PITCHf/x Introduction
PITCHf/x is an increasingly used tool in MLB, but daily gamers may not be entirely sure how to apply it to pitcher evaluations and breakout identification. There are a number of sources for PITCHf/x information — many free — and knowing where to get reliable info is a critical starting point. Baseball Prospectus, Brooks Baseball, FanGraphs, and Texas Leaguers all provide free PITCHf/x data. Of that quartet of sites, the only one I don’t visit regularly is Texas Leaguers. That’s not to say there’s anything wrong with the site (there’s not), and it’s great to have bookmarked as a source of comparison to the PITCHf/x data found elsewhere.
Depending on the source of PITCHf/x data, there can be differences in pitch type classification. Texas Leaguers, as their site notes, gets their data directly from the Gameday data published by MLB Advanced Media (MLBAM) and leaves it unchanged. Brooks Baseball explains their data in-depth on their “About” page. To summarize, their dataset starts with the PITCHf/x data made publicly available by MLBAM and Sportvision, but they more rigorously review that information manually and make changes when necessary. The result is that MLBAM may classify a particular breaking ball as a slider and Brooks Baseball may change that classification to a curveball, for instance. The changes can add up over the course of a season.
Using National League Cy Young Award Winner Jake Arietta as an example, here’s his Texas Leaguers landing page with a PITCHf/x data date set for last season, and here is his Brooks Baseball landing page using the same time frame. Texas Leaguers credited Arietta with throwing 1,335 sinkers and Brooks Baseball credited him with throwing 1,574. That’s a gap of over 200 pitches. Well, Brooks Baseball credited him with throwing only 268 fourseam fastballs and Texas Leaguers classified 581 of his pitches as fourseam fastballs (as an aside, 13 pitches were classified as simply “fastball” at Texas Leaguers). The differences aren’t as dramatic between his slider total (1,085 at Texas Leaguers and 1,065 at Brooks Baseball), but the differences extend to each of the pitches in the righty’s repertoire. One of the reasons I prefer use Brooks Baseball instead of Texas Leaguers is due to their usage of video and other tools to manually adjust pitch classifications. For this lesson, I won’t be referencing Texas Leaguers again, but it’s good for gamers to know the site is available for PITCHf/x data.

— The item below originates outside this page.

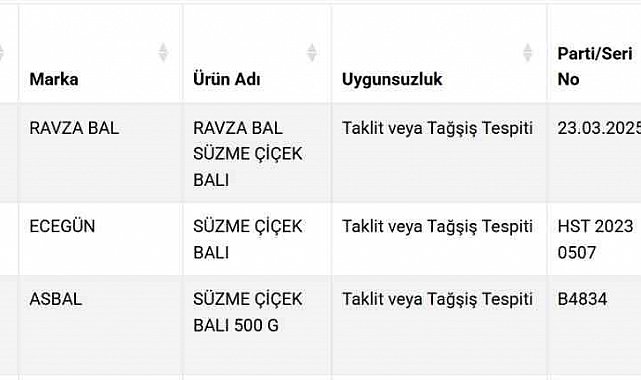 Bakanlığın yayımladığı listeye göre; Gümüşhane'nin Kelkit ilçesinde faaliyet gösteren 'Ravza Bal -Mustafa Keleş' firmasına ait 'Ravza Bal Süzme Çiçek Balı', Ankara'nın Akyurt ilçesindeki 'Vahit Yıldız Balsu -Vahit Yıldız' firmasına ait 'Ecegün Süzme Çiçek Balı', Bursa Nilüfer'deki Asbal Gıda Turizm İnşaat Tekstil Sanayi ve Ticaret Ltd. Şti. firmasına ait 'Asbal Süzme Çiçek Balı 500 G', ürünlerinde taklit veya tağşiş yapıldığı belirlendi.

Baseball Prospectus has a lot of their work behind a paywall for subscribers only, but the good news is that the PITCHf/x leaderboards are freely available — even to non-paid users. The leaderboard allows users to sort through a ton of information and parse to their heart’s desire. The data can be showcased for pitches thrown to lefties and righties, only lefties, and only righties. It can be broken down by all years or a specific year, and it can be broken down even further by selecting the month of pitches you want displayed. The default leaderboard opens by featuring fourseam fastballs, but PITCHf/x data is also available for other pitches as well.
For the sake of daily gaming, the fact the leaderboards can be sorted by starting pitchers, relief pitchers, or both probably doesn’t seem important, but it’s worth noting that if a pitcher worked as both a starter and reliever, selecting starting pitchers will show only that pitcher’s work as a starting pitcher and not include pitches thrown in relief. That’s notable. For example, Kris Medlen made 15 appearances for the Royals in 2015 and only eight were starts. Clumping all of his pitches together and not differentiating between pitches thrown as a starter and those thrown as a reliever can result in drawing misleading conclusions. Baseball Prospectus also allows users to set pitches thrown minimums starting as low as zero and reaching as high as 3,000. Setting pitch minimums can help weed out small sample sizes. Within the table, there are quite a few sortable column options, but the ones I primarily use are velocity, whiff/swing (Whf/Sw), and ground ball/ball in play (GB/BIP). Those are the categories I’ll reference when highlighting the pitchers I expect to collapse, breakout, and surge in strikeout rate in 2016 in this lesson.
FanGraphs has their own PITCHf/x leaderboards and PITCHf/x data available on each player’s individual player card, too. At FanGraphs, I look at PITCHf/x data pertaining to a pitcher’s entire body of work instead of broken down by pitch type. Some of the key stats I’ll analyze and reference in this lesson include O-Swing% (swing percentage on pitches outside of the strike zone, and I may also refer to it as chase rate since it refers to hitters chasing pitches out of the zone), Z-Contact% (percentage of contact on pitches in the strike zone), Zone% (percentage of pitches thrown in the strike zone), F-Strike% (first-pitch strike percentage), and SwStr% (swinging strike percentage). I’ll also utilize the batted ball data provided by FanGraphs in this lesson. Again, the data referenced from FanGraphs will be for all pitches thrown by a pitcher and not broken down by specific pitch type.
Bonus: I won’t specifically discuss Coors Field. However, I would advise bookmarking a Baseball ProGUESTus piece written in April of 2013 by Dan Rozenson. His article analyzes pitch info from Coors Field and compares it to info from the other MLB ballparks. He compares the outcomes of pitches between Coors Field and the rest of the majors, and the information can be helpful when trying to determine which pitch mixes, and thus which pitchers, will play best and worst in Colorado.